28 guests cancelled while I was still driving. 47 weren’t in the room when I arrived. 60 refused to pay. 21 paid with a bad check, but not all were deliberate. I eventually collected on 8. Four times, when I arrived, another doctor was there.  I don’t record guests who get a discount but 173 paid between $5 and $50. 110, mostly hotel employees paid nothing. I will not deny that I have a category for “celebrity.” It has 95 entries although that includes their wives and children. I try to head off drug abusers, but 78 slipped through. The diagnosis on four was “drunk,” but that’s certainly too few.

Saturday, January 27, 2018

A Hotel Doctor's Database, Part 1


Few things besides wine and cheese improve with time, but a personal database is among them.   

It didn’t seem significant when I began in 1983, but now I can look over 18,316 visits. So when I claim to have made more housecalls than any doctor now alive, I have the evidence . It’s a fascinating trove of information. I saw 967 patients from Brazil, for example; 42 of them suffered skin problems. Of those calls from Brazilians, 70 arrived between 11pm and 6am, getting me out of bed.

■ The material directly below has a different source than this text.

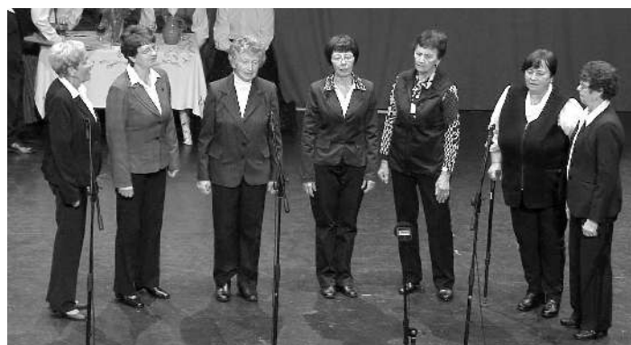
... in na koncertu v Majšperku.

Of the 18,316 nearly 12,000 (11,849) were of calls directly from a hotel. The remainder came from four other sources. 

The second source is agencies that insure travelers visiting America: 3490 visits. Few come from Europe or Australia whose insurers follow the American strategy of insisting that clients pay up front and apply for reimbursement later. Asian and Latin American carriers do better. Their clients phone the 800 number of the agency’s US office; the agency phones me; I make the housecall and send my invoice to the agency which pays exactly what I bill (American carriers undoubtedly roll their eyes at this archaic behavior).

Inevitably some insurers are less easy to deal with than others. Some have adopted the American system of requiring elaborate forms, itemization, and codes for every procedure. Others pay slowly and only after many pestering phone calls. When my patience runs out, I stop accepting their calls.

This doesn’t mean I stop seeing their clients, because they transfer their business to my third source of calls: competitors with 1760 visits. That includes other Los Angeles hotel doctors who ask my help or cover for me when I’m busy as well as one of the national housecall services. They have names like Expressdoc, AMPM Housecalls, Hoteldoc, Global Med. If you live in a large city, they may be available, but be warned that some are reasonable but others charge fees that will take your breath away.

Foreign airline crew make up the fourth source: 913 visits. American airlines have no interest in crew who fall ill when laying over. They have medical insurance but with no transportation or knowledge of facilities in a strange city, they are out of luck. Occasionally I deal with their pitiful calls and treat them as charity cases. As with American insurance carriers, it’s hopeless to bill an American airline for a housecall. 

A minor fifth category is what I call “private-parties:” 293 visits. These are people who learn about me from another source. That includes locals as well as former patients who return to the city and call me directly.